*Records for processing*.
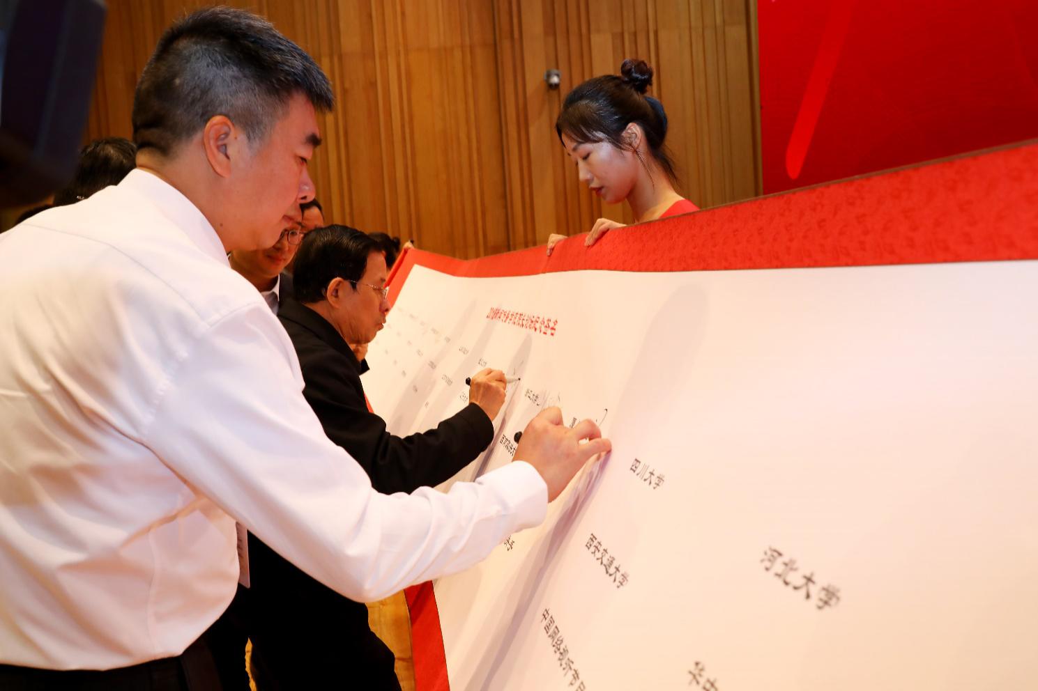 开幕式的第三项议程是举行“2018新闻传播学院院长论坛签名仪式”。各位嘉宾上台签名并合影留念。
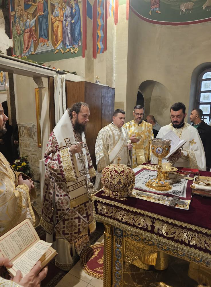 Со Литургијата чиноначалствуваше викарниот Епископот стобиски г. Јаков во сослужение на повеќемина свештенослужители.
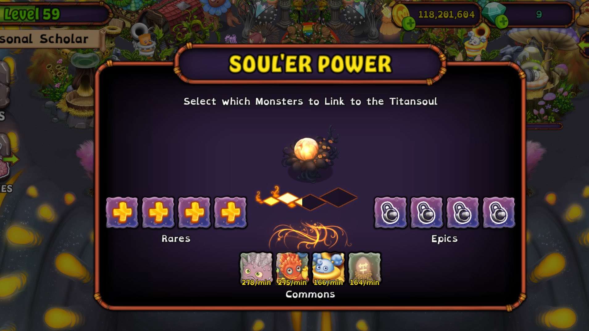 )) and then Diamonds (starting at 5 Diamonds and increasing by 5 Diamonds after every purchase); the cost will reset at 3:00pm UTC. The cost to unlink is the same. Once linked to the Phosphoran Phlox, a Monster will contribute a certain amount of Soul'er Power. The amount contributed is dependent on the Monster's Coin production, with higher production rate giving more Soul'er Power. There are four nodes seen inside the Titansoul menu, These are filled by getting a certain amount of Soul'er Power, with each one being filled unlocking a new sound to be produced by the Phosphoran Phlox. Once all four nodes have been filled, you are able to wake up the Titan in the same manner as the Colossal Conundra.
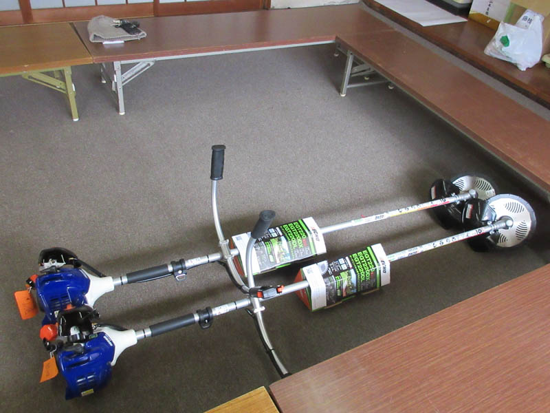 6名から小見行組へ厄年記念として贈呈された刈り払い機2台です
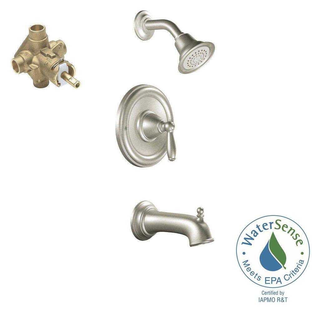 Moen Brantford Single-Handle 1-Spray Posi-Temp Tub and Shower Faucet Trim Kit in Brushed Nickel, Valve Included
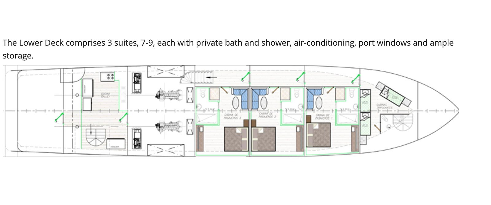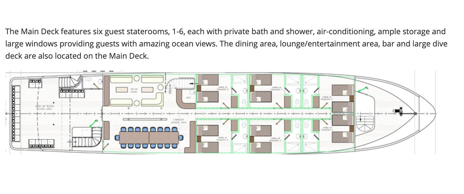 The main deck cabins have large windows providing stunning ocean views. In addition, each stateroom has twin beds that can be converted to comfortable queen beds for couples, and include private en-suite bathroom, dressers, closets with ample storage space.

*Work to be completed*. Word for word, retype all of the data above, but include no pictures.

*Your response*.
 开幕式的第三项议程是举行“2018新闻传播学院院长论坛签名仪式”。各位嘉宾上台签名并合影留念。
 Со Литургијата чиноначалствуваше викарниот Епископот стобиски г. Јаков во сослужение на повеќемина свештенослужители.
 )) and then Diamonds (starting at 5 Diamonds and increasing by 5 Diamonds after every purchase); the cost will reset at 3:00pm UTC. The cost to unlink is the same. Once linked to the Phosphoran Phlox, a Monster will contribute a certain amount of Soul'er Power. The amount contributed is dependent on the Monster's Coin production, with higher production rate giving more Soul'er Power. There are four nodes seen inside the Titansoul menu, These are filled by getting a certain amount of Soul'er Power, with each one being filled unlocking a new sound to be produced by the Phosphoran Phlox. Once all four nodes have been filled, you are able to wake up the Titan in the same manner as the Colossal Conundra.
 6名から小見行組へ厄年記念として贈呈された刈り払い機2台です
 Moen Brantford Single-Handle 1-Spray Posi-Temp Tub and Shower Faucet Trim Kit in Brushed Nickel, Valve Included
 The main deck cabins have large windows providing stunning ocean views. In addition, each stateroom has twin beds that can be converted to comfortable queen beds for couples, and include private en-suite bathroom, dressers, closets with ample storage space.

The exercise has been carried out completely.